Patients with MDR A. baumannii bacteremia had a higher mortality rate and incurred greater medical costs than patients with non-MDR A. baumannii bacteremia.

摘要

目的

探讨多重耐药鲍曼不动杆菌血症住院患者的抗菌药物耐药性对临床和经济结局的影响。

设计

一项回顾性匹配队列研究。

地点

一所三级医疗大学教学医院。

方法

进行一项匹配病例对照(1:1)研究,以比较多重耐药鲍曼不动杆菌血症患者与非多重耐药鲍曼不动杆菌血症患者临床和经济结局的差异。
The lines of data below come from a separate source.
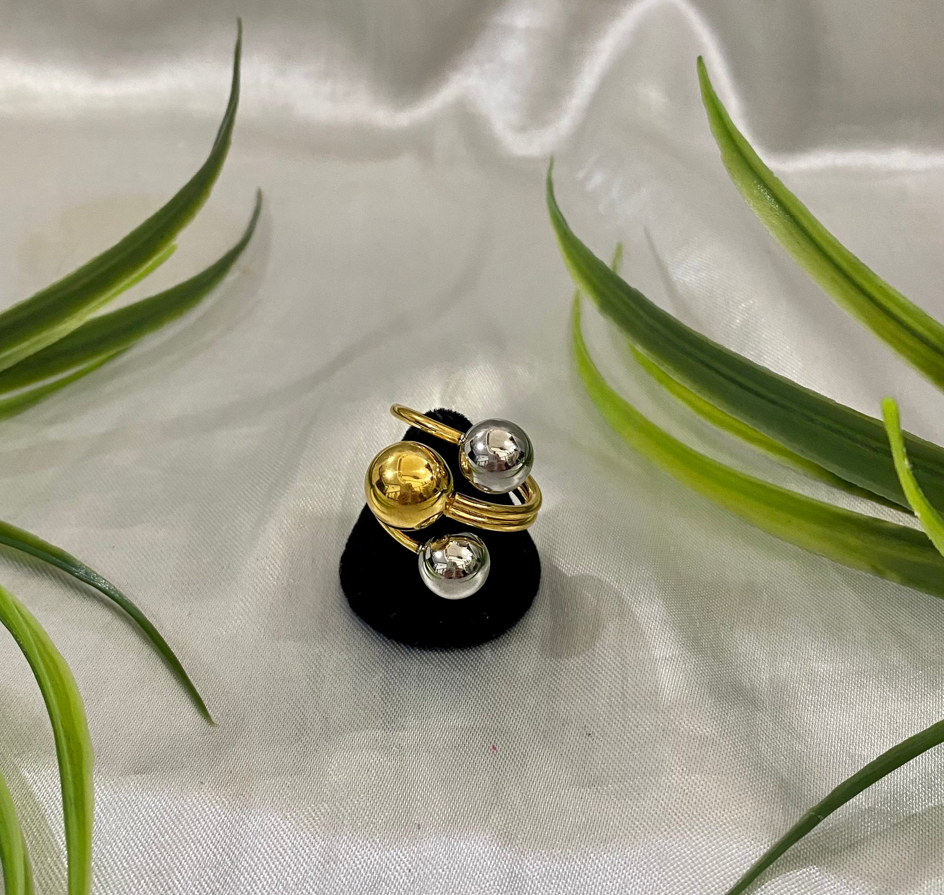 Anillo 3 esferas bicolor
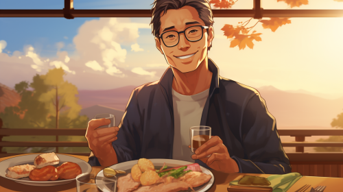 In a breakfast scene, at the dining table, there's a father in his thirties wearing round glasses. He has a bright and cheerful smile on his face and holds an egg in one hand. This scene is depicted in the style of Japanese anime illustration. --ar 16:9
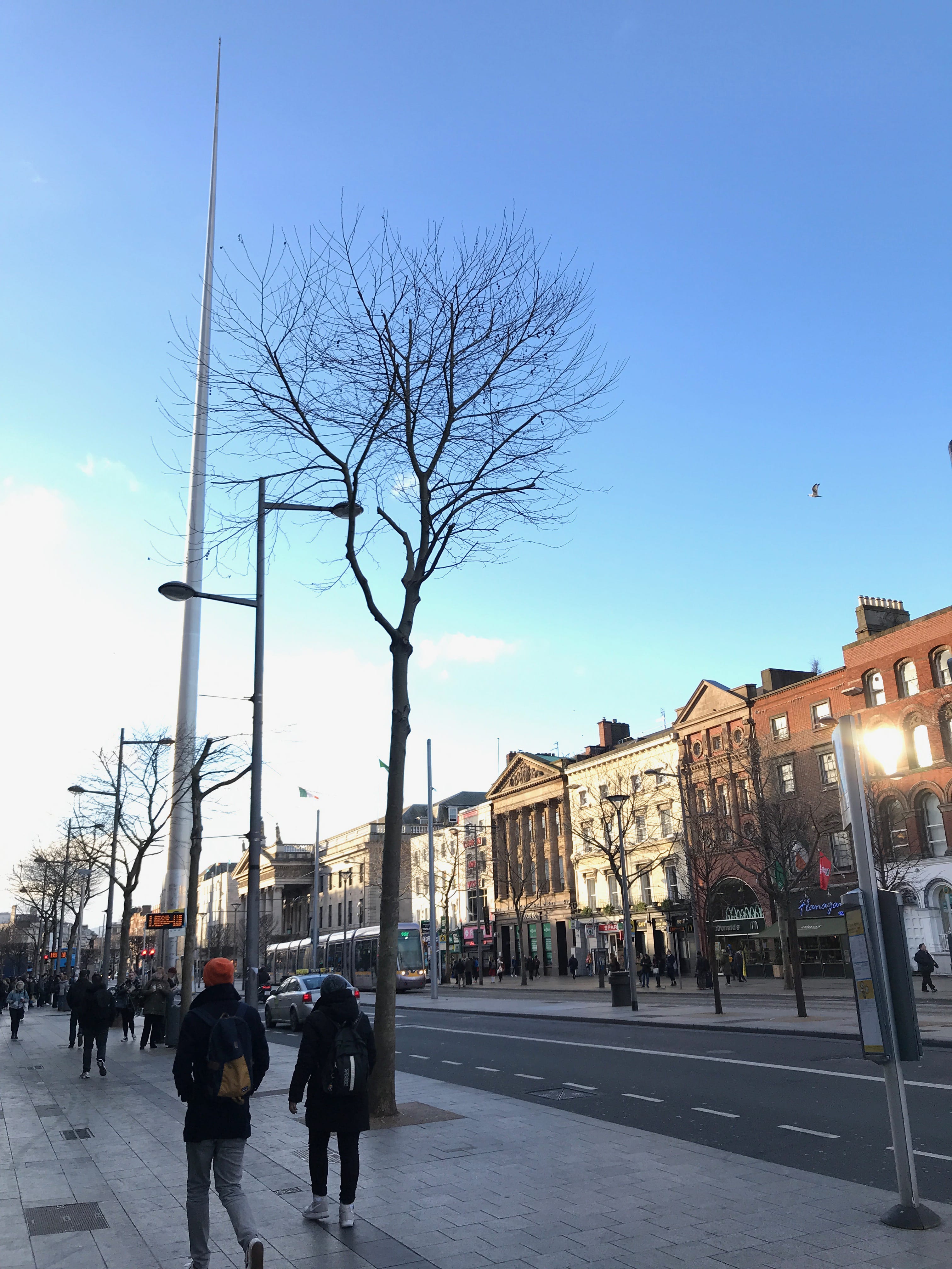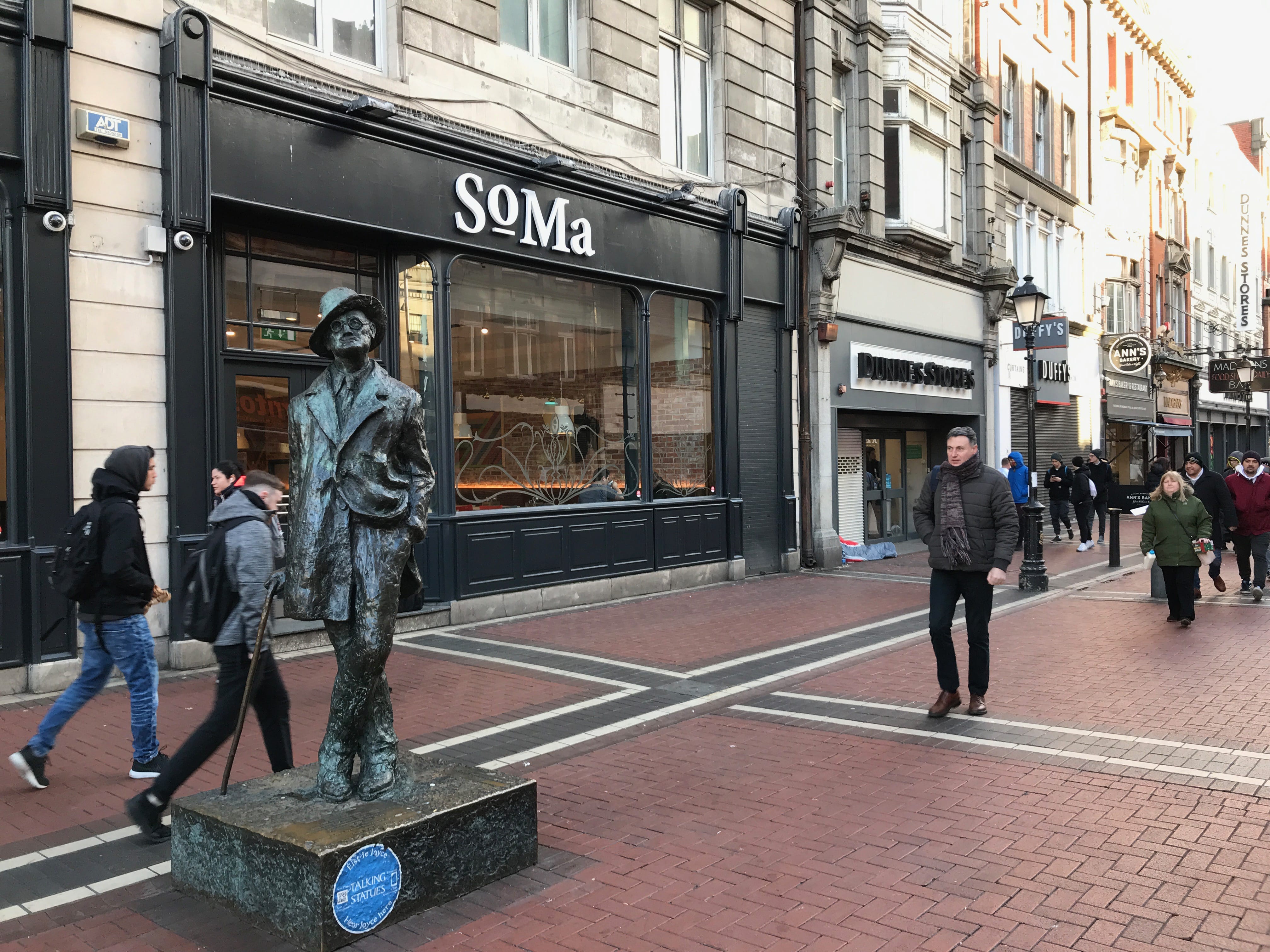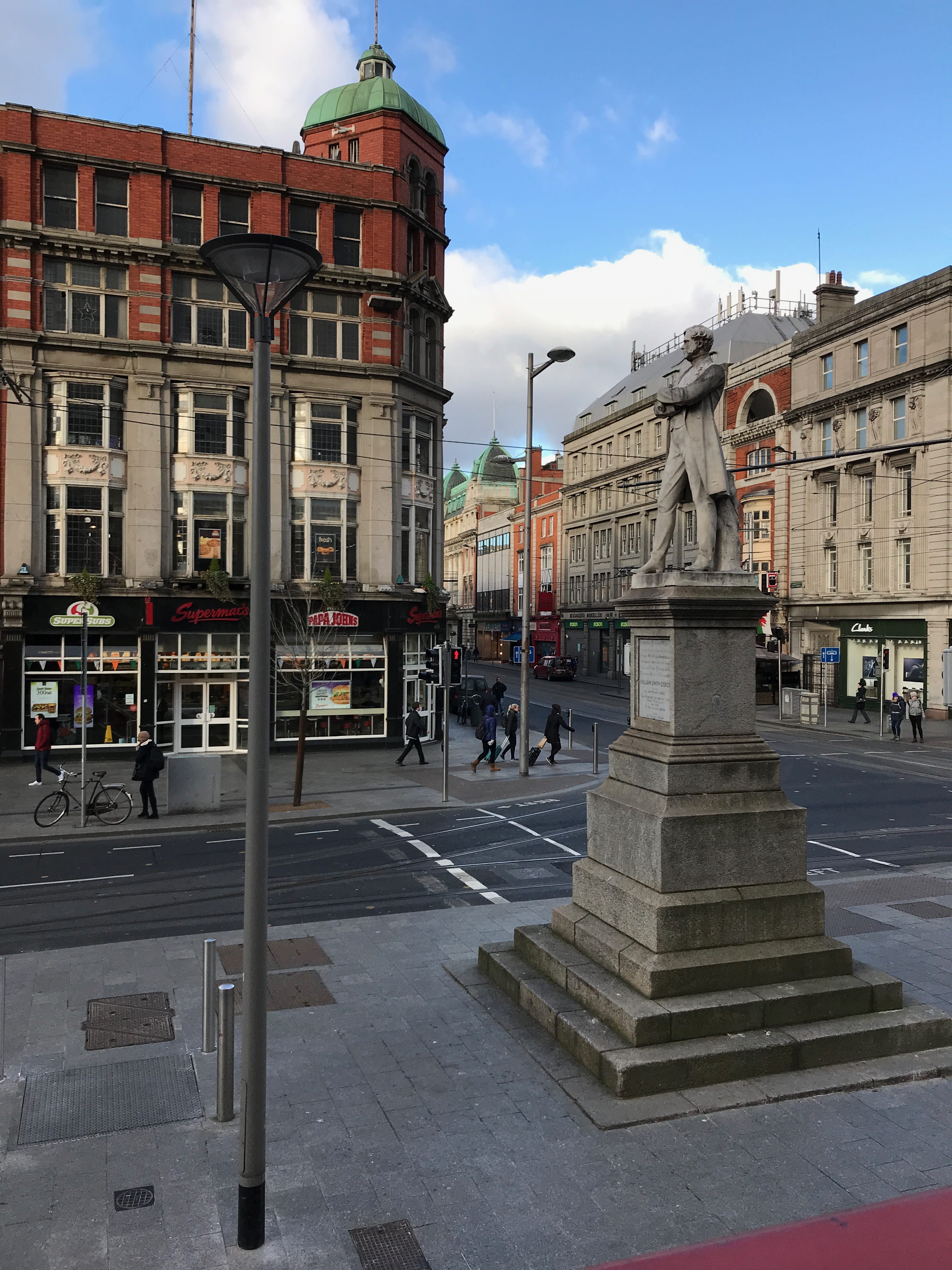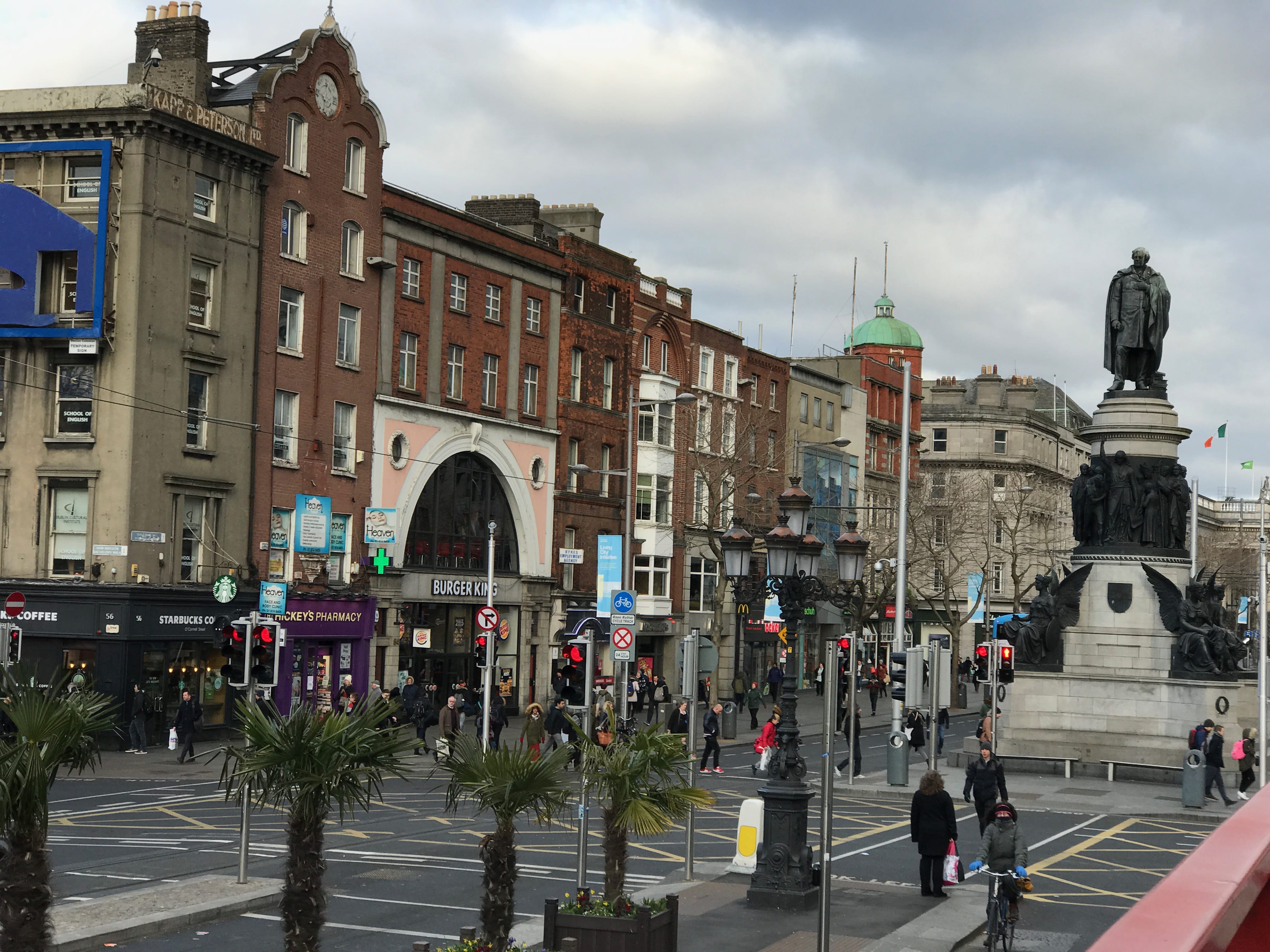 Nous nous rendrons ensuite à l’arrêt de bus le plus proche pour rejoindre le centre-ville, en passant devant l’Abbey Presbyterian Church et descendrons sur O’Connell Street Upper. Avant de vraiment commencer la journée, nous irons prendre un petit-déjeuner dans une chaîne de café bien connue en Grande-Bretagne : les Caffè Nero. C’est un choix que nous faisons la plupart du temps lors de nos séjours. En effet, nous nous en sortons en général pour environ 15€ pour nous deux pour nos petits-déjeuners alors que les hôtels en proposent généralement pour ce prix-là mais par personne. C’est donc une économie non-négligeable, surtout que nous profitons rarement de la large offre des petits-déjeuners d’hôtel et cela nous permet enfin de décoller plus vite de la chambre.
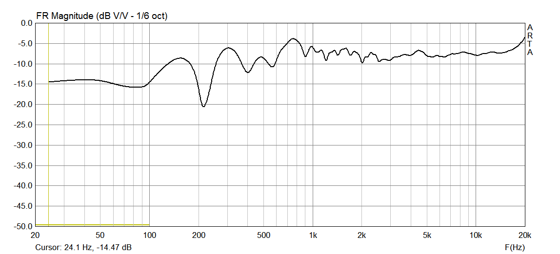 Второй заход на акустическую гасилку. Ваша неудача с шайбой показала непригодность материала. Я испытывал войлок от шумоизоляции авто толщиной 8 мм, без слоя самоклейки. Так подносишь его к уху и ощущаешь одностороннюю глухоту по ВЧ, сразу. Шайба из такого войлока перед 20ГДС-1 (при держании пинцетом, пальцы создают резонансные призвуки) на розовом шуме чётко даёт пропадание пика 4,5кГц, но также валит и 3 кГц, то есть, валит всё, что излучает куполок, с увеличением завала с ростом частоты. Направленность динамика при этом чётко уменьшилась. Видимо, у ватина крупные волокна, он на ПАС пойдёт. А фетр слишком тонкий. Может, попробуйте ишшо раз с материалом, действие которого будет чётко заметно на слух про размещении его перед куполом НЧ, если НЧ включить без фильтра. Ещё мысля. Измеряете по оси ВЧ, а из-под шайбы выглядывает в сторону микрофона край кумпола=>шайбу надо слегка большего, чем купол, диаметра.
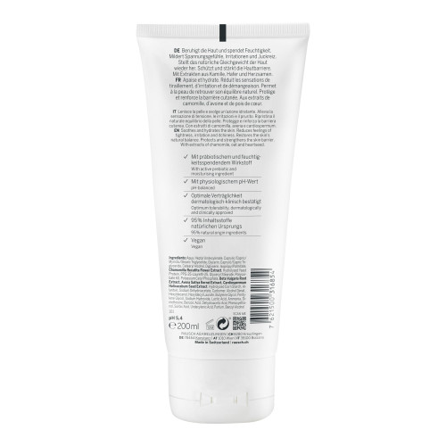 93 % der veganen Rezeptur Made in Switzerland besteht aus Inhaltsstoffen natürlichen Ursprungs, darunter Extrakte aus Hafer, Kamille und Herzsamen. Der physiologische pH-Wert von 5,4 macht die Body Lotion besonders hautschonend – für die federzarte Pflege, die sensible und sehr trockene Haut beruhigt und intensiv verwöhnt.
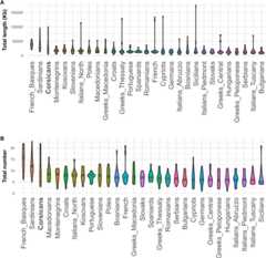 To explore whether Corsicans, as insular population, display characteristic traces of isolation and endogamy in their genomes, we assessed Runs of Homozygosity (RoH). RoH are uninterrupted segments of homozygous genotypes present in individuals. The number and extension of RoH stretches are correlated to the level of identity by descent and are largely affected by population’s demographic history28,29. Corsicans show an excess of RoHs indicated by the high median values of total number and total length of RoHs, next to Sardinians and French Basques (Fig. 1). This homozygosity pattern is characteristic of isolated populations with relatively low effective population size (Ne) and high degree of endogamy28–30. Similar to Sardinians and Basques, Corsicans show high variability of long RoHs, possibly indicating recent ongoing admixture.
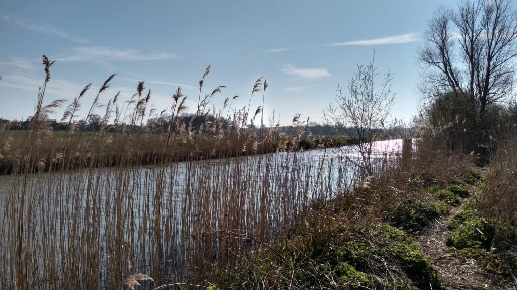 We awake each morning to a cacophony of birdsong and days have merged into one. Life in lockdown passes at a snail’s pace with tasks expanded to fill the time available. Paid work has more or less dried up so domestic chores and essential errands dominate our days. Liam’s very handy with the hoover while I over-dust the knick-knacks. The house has never been so clean. Cabin fever and wall climbing is relieved by long walks along the river Chet and the queue outside our local Co-op store – keeping our distance from others, of course.
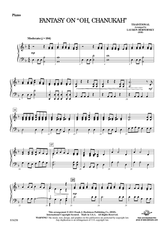 Digital Sheet Music for Fantasy on "Oh, Chanukah" - Piano by Traditional, Lauren Bernofsky scored for String Orchestra; id:421765
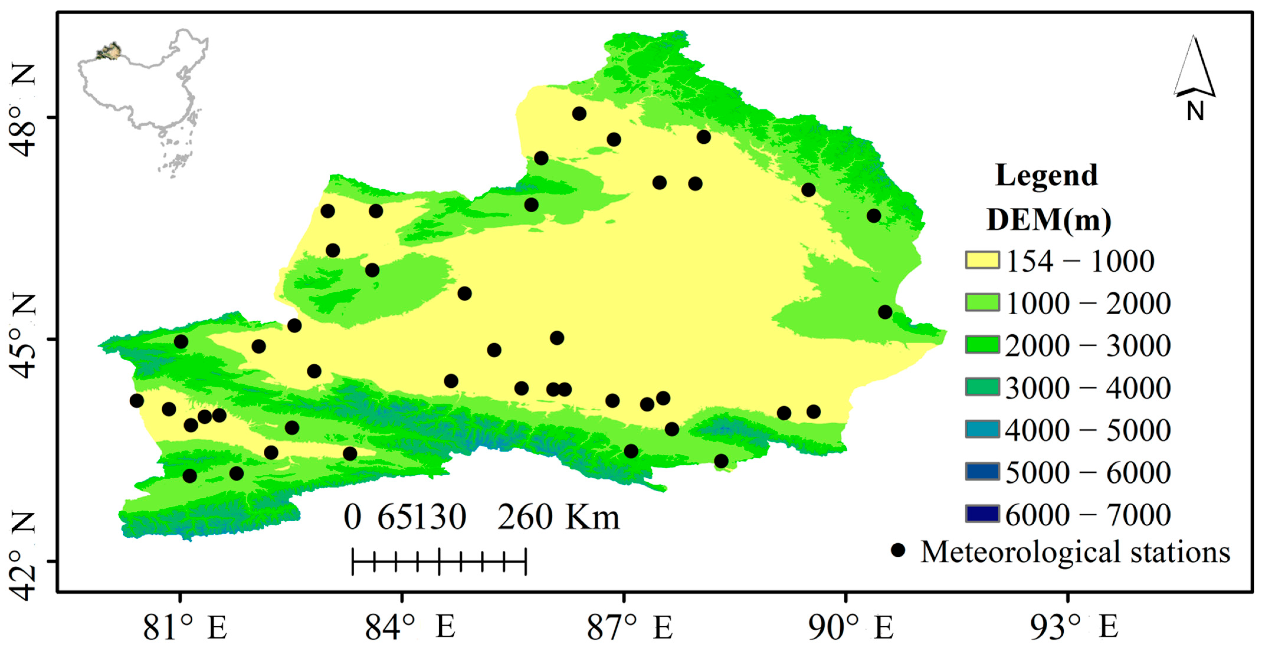 - Zhao, L.; Yang, Q.; Han, X.Y.; Liu, Y.L. Spatial and temporal differences in extreme precipitation events in Xinjiang from 1961 to 2009. Desert China 2014, 34, 550–557. [Google Scholar]
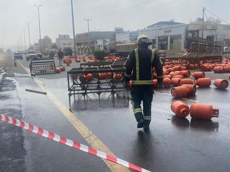 وأوضحت أن التسرب نتج عن حـادث سير أدى لسقوط أسطوانات الغاز على الأرض.
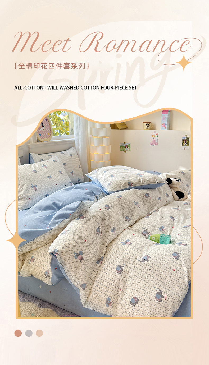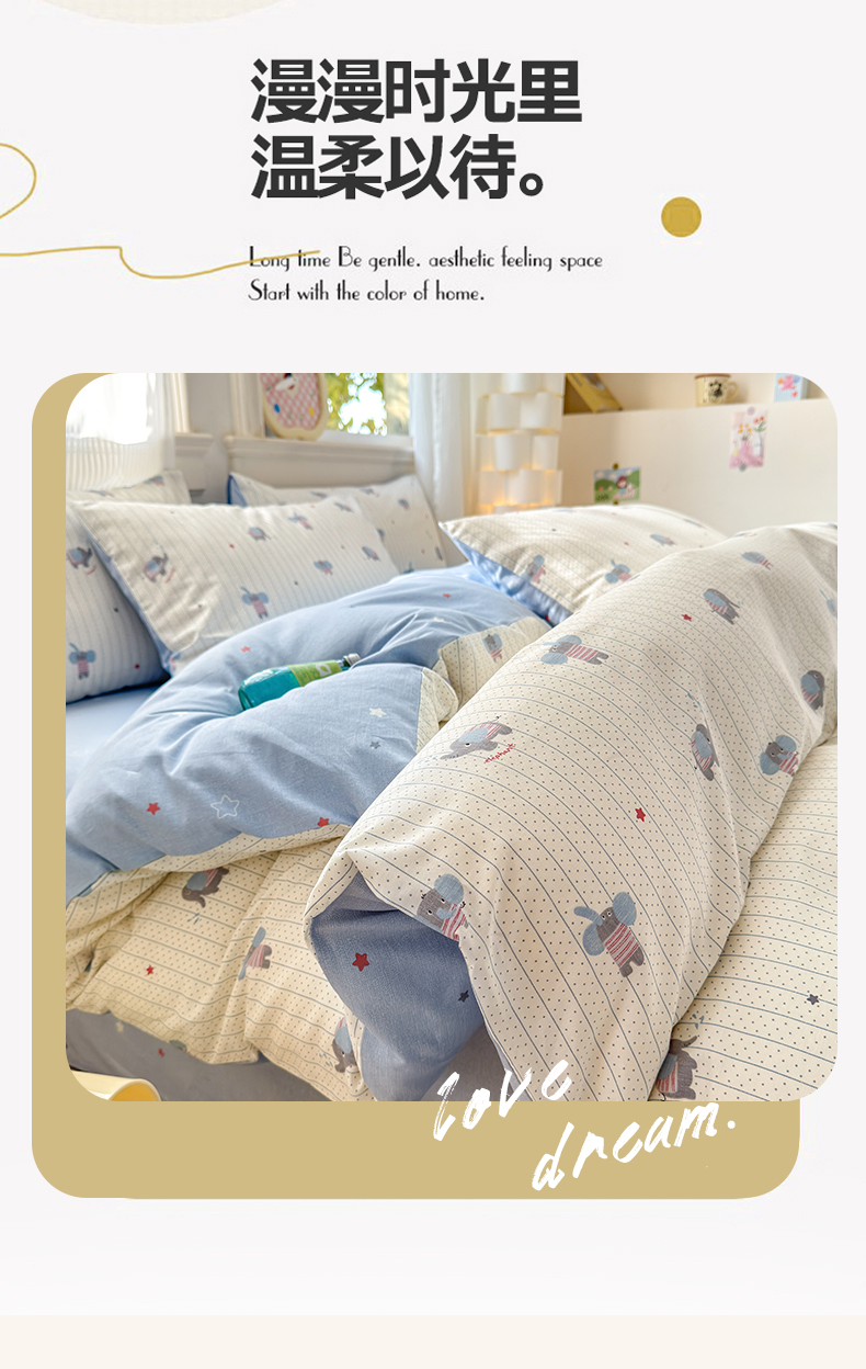 当前位置: 91家纺网 > 商品网购 > 床品套件 > 四件套 > 全棉普通四件套 > 清雅福 2025全棉13372小清新四件套和单品早春系列第一批-四件套 跳跳象

病例患者根据性别、年龄、基础疾病和急性疾病的严重程度以及菌血症发作前的住院时间与对照患者进行匹配。

结果

48例多重耐药鲍曼不动杆菌血症病例中有46例(95.8%)符合研究条件并与适当的对照进行了匹配。病例组的脓毒症相关死亡率为34.8%,对照组为13.0%,归因死亡率为21.8%(调整优势比,4.1[95%置信区间,1.1 - 15.7];P = 0.036)。菌血症发作后,病例组和对照组的住院时间有显著差异(54.2天对34.1天;P = 0.006)、住院费用(9349美元对4865美元;P = 0.001)和抗生素治疗费用(2257美元对1610美元;P = 0.014)。因此,与非多重耐药鲍曼不动杆菌血症相比,多重耐药鲍曼不动杆菌血症导致额外住院13.4天和额外费用3758美元。

结论

多重耐药鲍曼不动杆菌血症患者比非多重耐药鲍曼不动杆菌血症患者有更高的死亡率和更高的医疗费用。